Dengan demikian, peringatan peristiwa Tiananmen telah memusingkan pemerintah Hu Jintao dan Wen Jiabao. Di satu sisi, mereka ingin mengakomodir tuntutan gerakan prodemokrasi seperti rehabilitasi peristiwa 4 Juni, membersihkan pejabat-pejabat yang korup, penegakan HAM dan lain-lain. Di sisi lain, elite partai yang masih tunduk kepada Jiang Zemin berusaha mempertahankan status quo. Dalam kasus korupsi, mereka juga berusaha mengganjalnya karena akan menyeret Jiang yang banyak menyalahgunakan uang negara.

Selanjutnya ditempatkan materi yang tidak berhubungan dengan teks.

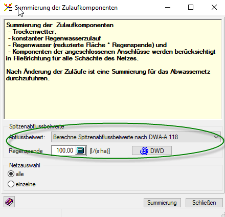 - Hydraulik, Zulaufsummierung: Hier ist es jetzt möglich eine automatische Berechnung der Spitzenabflussbeiwerte nach DWA-A 118 (an Bauzone, Einzugsgebiet, Haltung/AL) durchzuführen. Die berechneten Werte fließen dann in die Zulaufsummierung ein. Dies kann genutzt werden, um die automatische Berechnung der Spitzenabflussbeiwerte z. B. auch bei einer instationären Berechnung zu verwenden. Screenshot
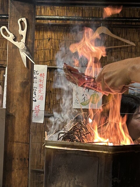大阪本町近くにある「番屋 燁(バンヤ ハナ)」は、藁焼きと炭火焼きをメインにした居酒屋で、店に入った瞬間から活気ある雰囲気が漂っています。カウンター席に座ると、目の前で店主が藁で魚を豪快に焼き上げる様子が見られ、その炎の迫力には圧倒されますが、手際の良い職人技に見とれてしまいます。

Suasana Kongres Nasional Rakyat China, awal Maret lalu yang adem ayem, tanpa perdebatan yang serius, tanpa mempersoalkan kasus-kasus pelanggaran HAM di dalam negeri, barangkali bisa dijadikan indikasi masih dominannya kubu Jiang Zemin. Kubu Hu Jintao dan Wen Jiabao masih belum mampu menghadapi tekanan kuat mereka. Hu sulit memperlihatkan sikapnya berkaitan dengan posisi Jiang yang tetap menjabat ketua Komisi Militer Pusat, suatu kekuasaan tertinggi di China yang membawahi 2,5 juta tentara, yang menjamin keberlanjutan pengaruhnya dalam pengambilan keputusan penting di pemerintahan.
Komentator politik senior Hongkong, Lin Heli mengatakan, bahwa suhu politik di Beijing saat ini masih sangat tegang, kekuasaan atas pemerintahan baru pimpinan Hu dan Wen masih sangat jauh dan belum kokoh, mereka saat ini tidak mungkin menyentuh peristiwa 4 Juni yang sensitif itu.
Ketidakmampuan Hu Jiantao dalam menghadapi kekuatan status quo juga tampak dalam kasus Falun Gong. Sejak 20 Juli 1999 sampai sekarang, penindasan terhadap Falun Gong masih berlangsung, lebih dari 950 orang tewas akibat penyiksaan oleh petugas Kantor 610. Meskipun Jiang Zemin dituntut di sejumlah pengadilan di mancanegara, serta dikecam oleh beberapa lembaga HAM internasional dan PBB, masalah ini belum mendapat perhatian serius di Zhong Nanhai —pusat pemerintahan China. Dengan demikian, demokrasi di negeri Tirai Bambu itu kelihatannya masih jauh dari yang diharapkan.